> _STORED DATA_
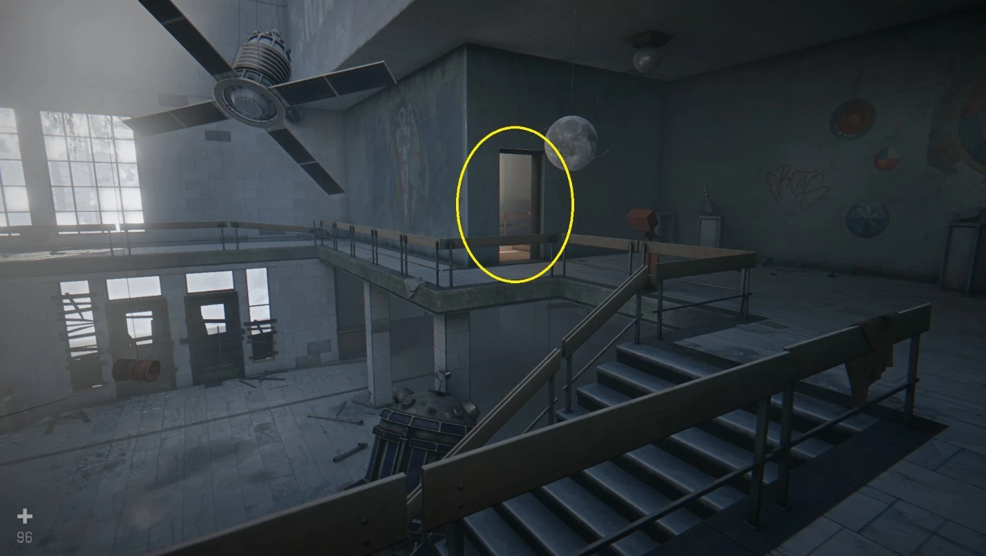 После получения конденсатора, аккумулятора и ручки для подъемника, вернитесь в центральный зал. Не спешите покидать заброшенный музей космонавтики. Поднимитесь на второй этаж и войдите в комнату слева. Здесь вы найдете необходимый видеопроектор. Подключите к нему конденсатор и посмотрите видео.
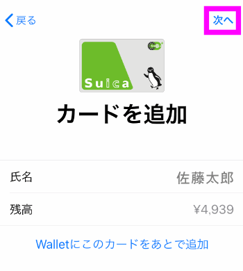 Suicaの詳細なデータが表示されるので、右上の「次へ」をタップします。
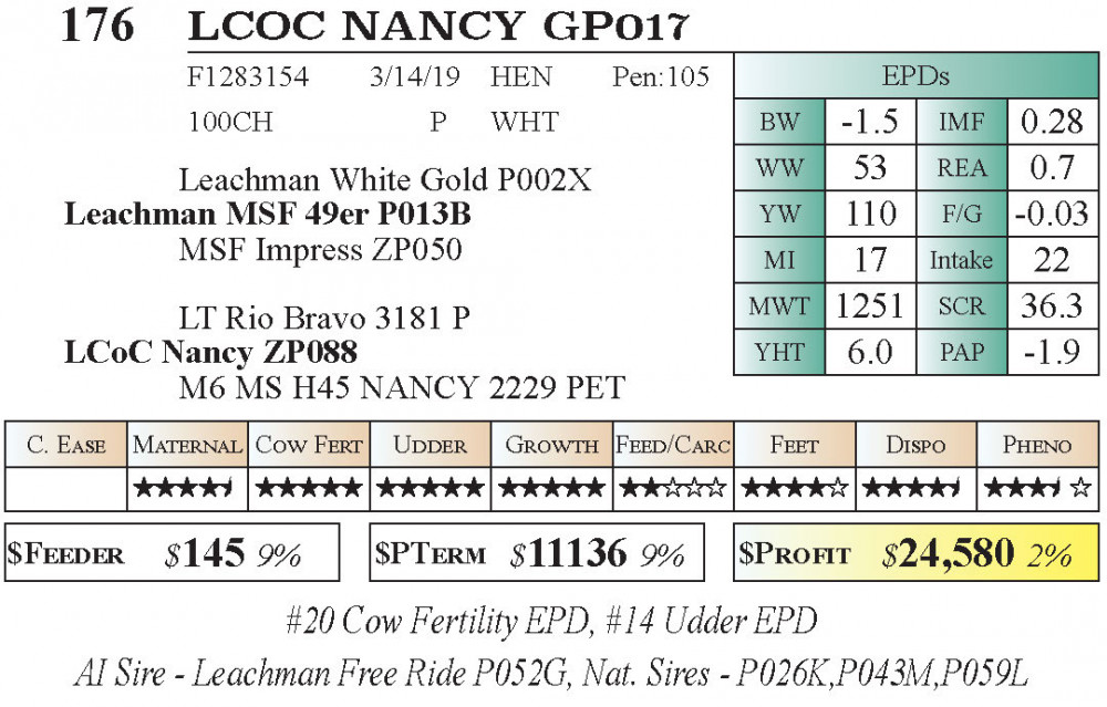 LCOC NANCY GP017 (#176) 11.21.2025 Leachman Fall Roundup Bull & Female Sale 10:00 am MTN Charolais Female Charolais Female

> _PROBLEM REQUIREMENTS_
Output the material above verbatim but exclude each picture.

> _TASK ANSWER_
 После получения конденсатора, аккумулятора и ручки для подъемника, вернитесь в центральный зал. Не спешите покидать заброшенный музей космонавтики. Поднимитесь на второй этаж и войдите в комнату слева. Здесь вы найдете необходимый видеопроектор. Подключите к нему конденсатор и посмотрите видео.
 Suicaの詳細なデータが表示されるので、右上の「次へ」をタップします。
 LCOC NANCY GP017 (#176) 11.21.2025 Leachman Fall Roundup Bull & Female Sale 10:00 am MTN Charolais Female Charolais Female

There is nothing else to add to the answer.